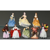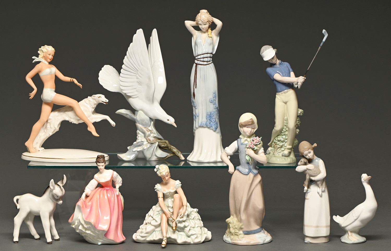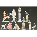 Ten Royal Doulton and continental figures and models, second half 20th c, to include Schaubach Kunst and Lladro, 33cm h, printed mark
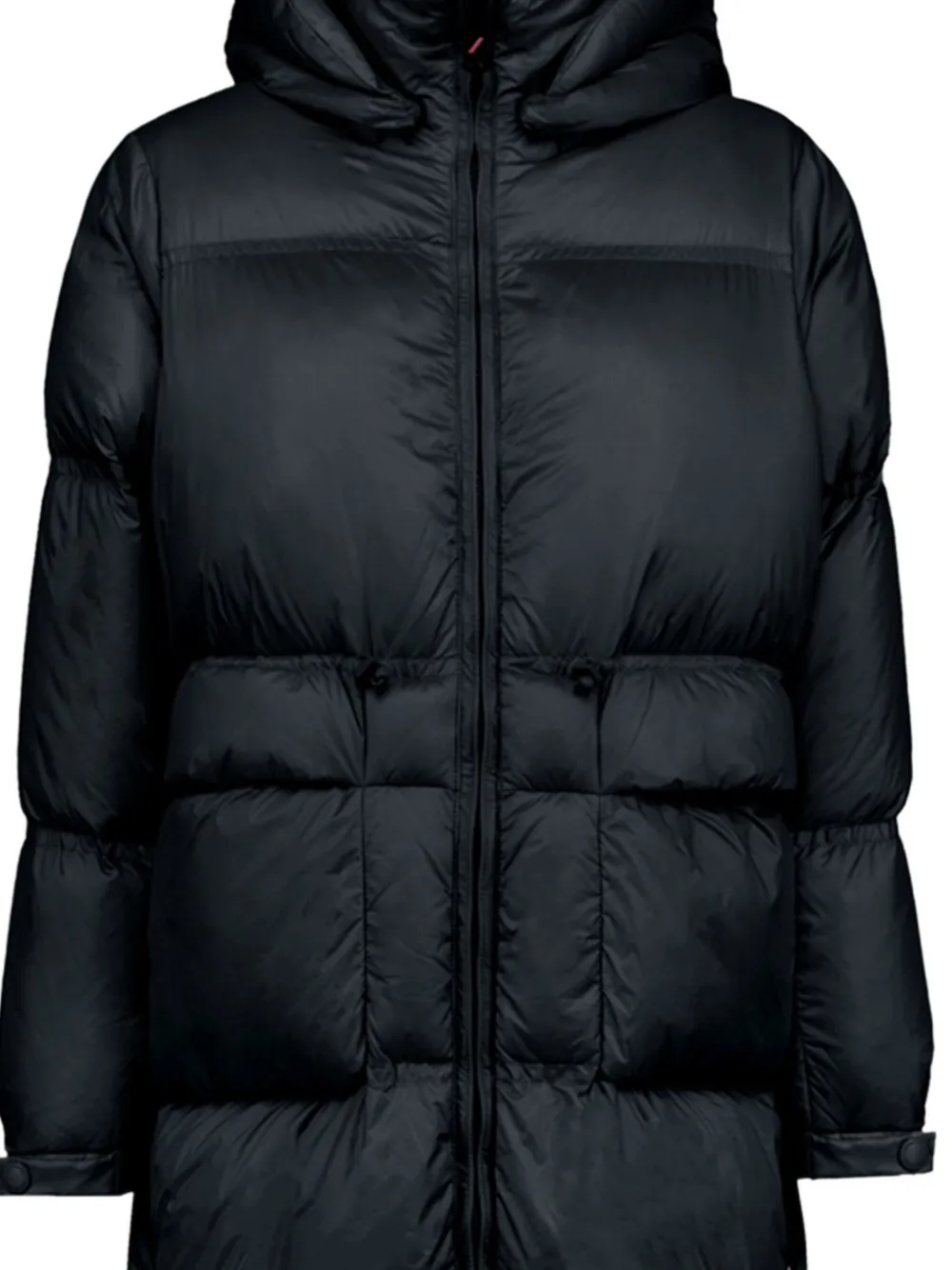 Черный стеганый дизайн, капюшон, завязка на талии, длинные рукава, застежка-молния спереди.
========================
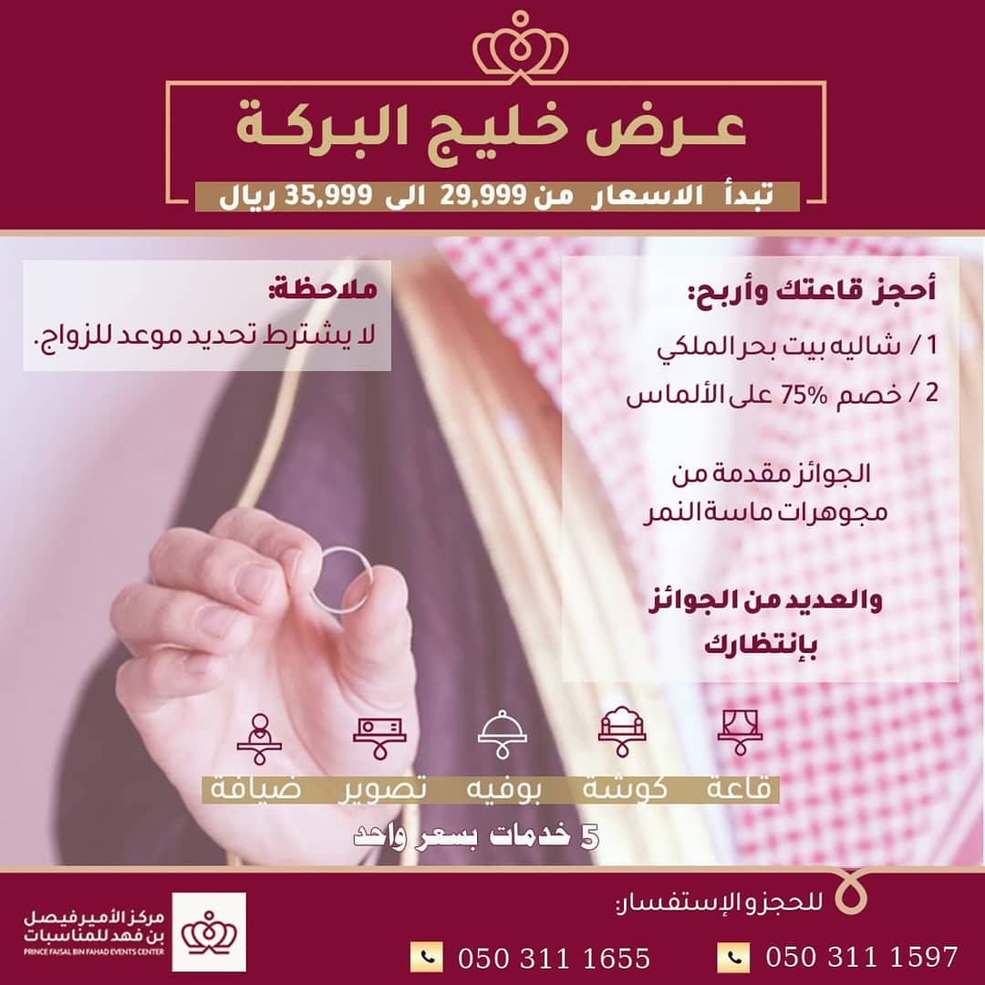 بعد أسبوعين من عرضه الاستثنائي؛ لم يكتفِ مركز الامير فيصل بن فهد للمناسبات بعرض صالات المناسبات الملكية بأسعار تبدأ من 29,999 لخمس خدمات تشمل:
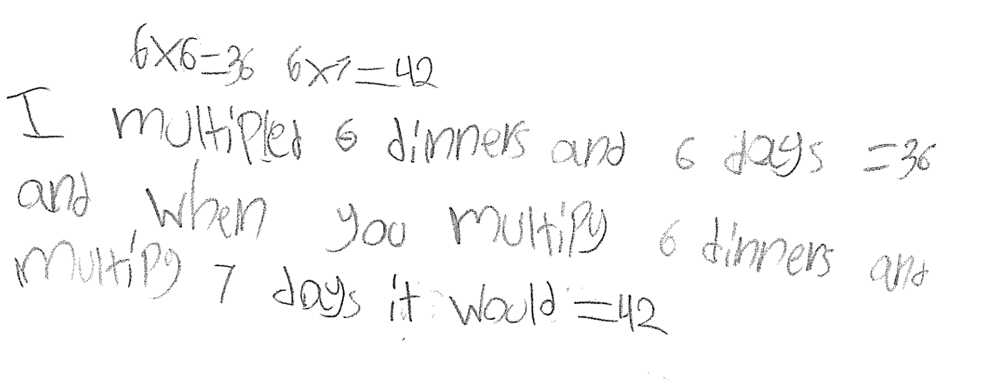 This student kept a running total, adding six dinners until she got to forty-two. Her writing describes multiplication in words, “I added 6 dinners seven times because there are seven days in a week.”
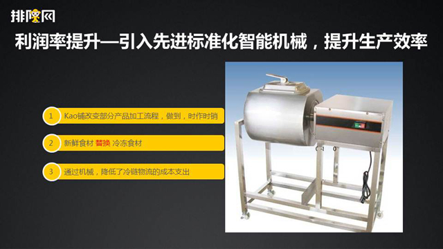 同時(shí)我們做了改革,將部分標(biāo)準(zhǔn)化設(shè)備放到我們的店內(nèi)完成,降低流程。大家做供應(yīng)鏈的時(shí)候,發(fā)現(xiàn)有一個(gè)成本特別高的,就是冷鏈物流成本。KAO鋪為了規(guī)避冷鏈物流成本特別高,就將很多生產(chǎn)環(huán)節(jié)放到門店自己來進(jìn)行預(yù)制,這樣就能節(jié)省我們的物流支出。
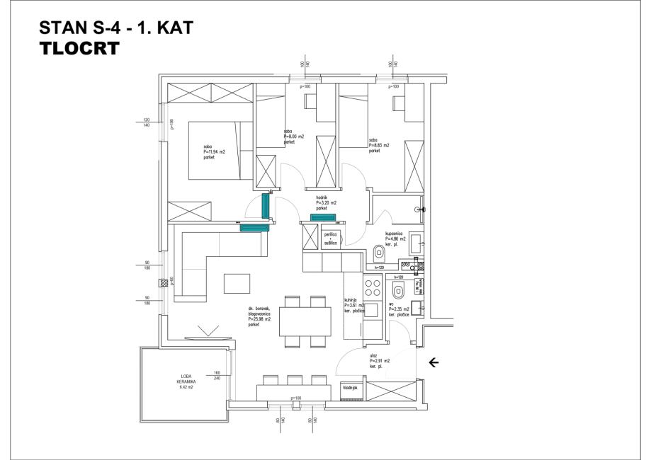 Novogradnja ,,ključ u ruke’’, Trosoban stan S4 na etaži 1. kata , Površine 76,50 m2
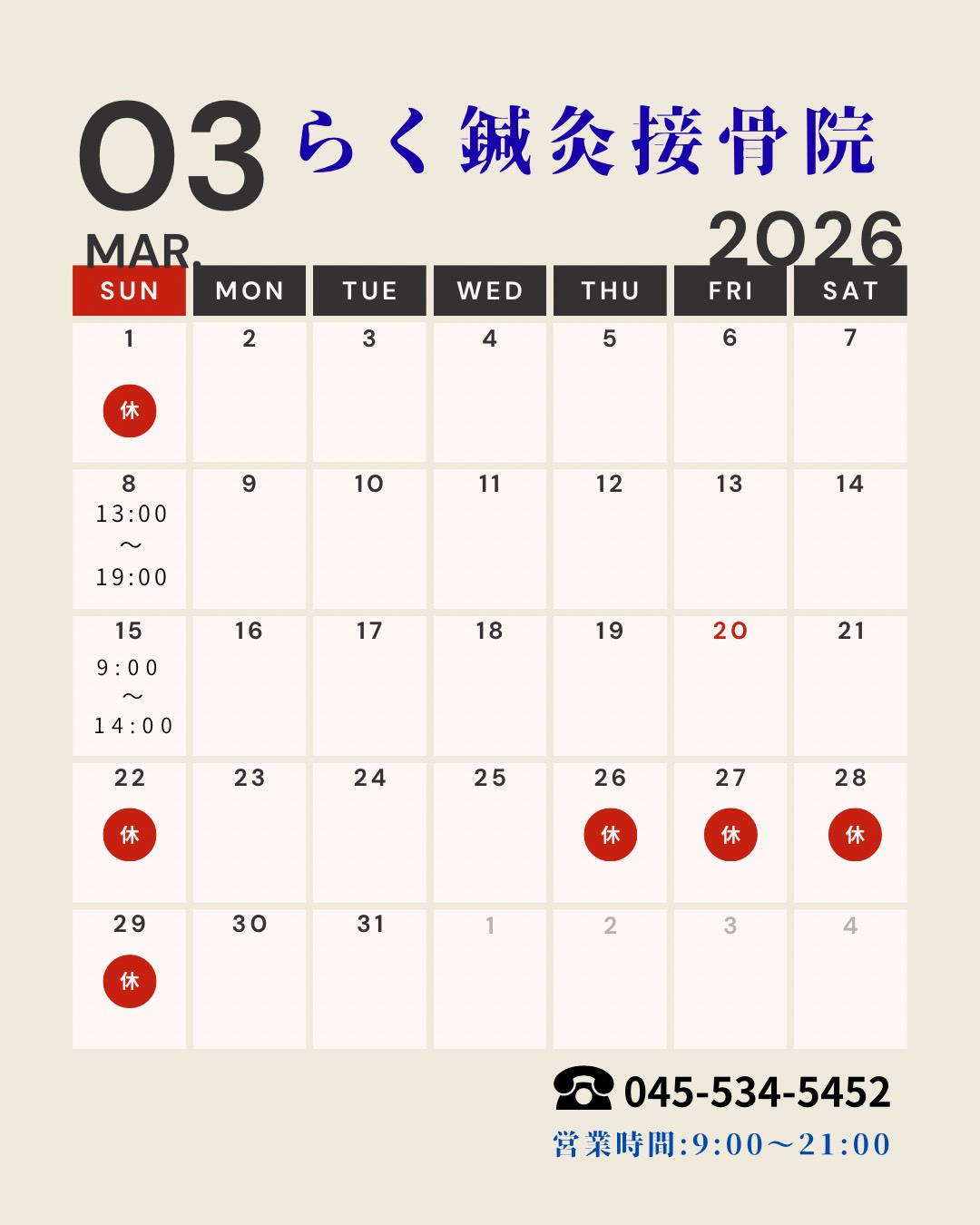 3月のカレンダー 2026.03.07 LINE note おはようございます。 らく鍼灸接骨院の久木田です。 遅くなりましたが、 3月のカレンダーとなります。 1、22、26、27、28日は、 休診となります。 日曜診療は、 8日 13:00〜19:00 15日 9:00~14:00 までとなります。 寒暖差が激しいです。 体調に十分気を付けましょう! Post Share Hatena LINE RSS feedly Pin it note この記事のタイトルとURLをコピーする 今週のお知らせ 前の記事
========================
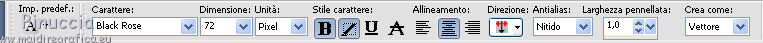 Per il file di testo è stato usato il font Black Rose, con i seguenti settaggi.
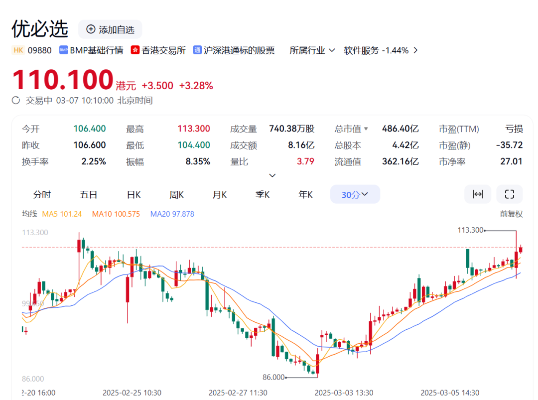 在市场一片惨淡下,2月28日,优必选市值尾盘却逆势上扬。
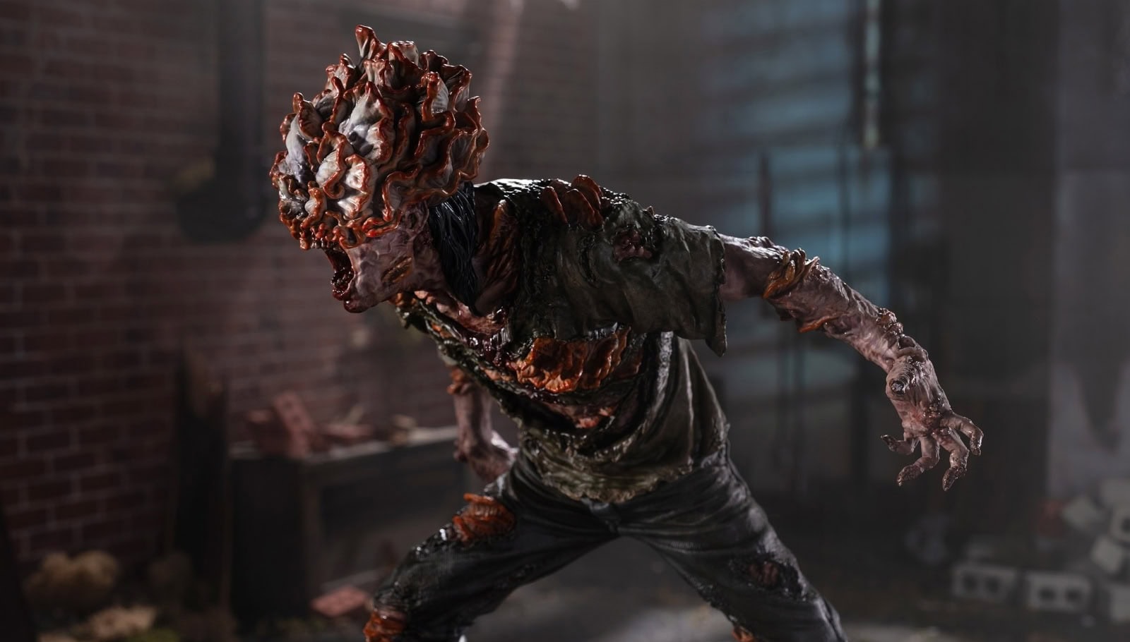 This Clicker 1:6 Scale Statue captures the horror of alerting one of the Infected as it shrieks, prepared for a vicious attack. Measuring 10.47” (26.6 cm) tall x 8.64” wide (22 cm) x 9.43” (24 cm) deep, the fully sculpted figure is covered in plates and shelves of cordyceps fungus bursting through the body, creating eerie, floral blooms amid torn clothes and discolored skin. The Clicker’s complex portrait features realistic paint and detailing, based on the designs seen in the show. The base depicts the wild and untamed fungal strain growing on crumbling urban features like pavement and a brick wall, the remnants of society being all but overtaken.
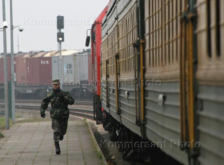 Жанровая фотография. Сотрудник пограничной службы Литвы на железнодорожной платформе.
========================
Task item:
From the material above, give again exactly the lines from the one that contains "Per il file" through the one that contains "在市场一片惨淡下,2月28日,优必选市值尾盘却逆势上扬。", and leave out the pictures.

Answer to this task:
 Per il file di testo è stato usato il font Black Rose, con i seguenti settaggi.
 在市场一片惨淡下,2月28日,优必选市值尾盘却逆势上扬。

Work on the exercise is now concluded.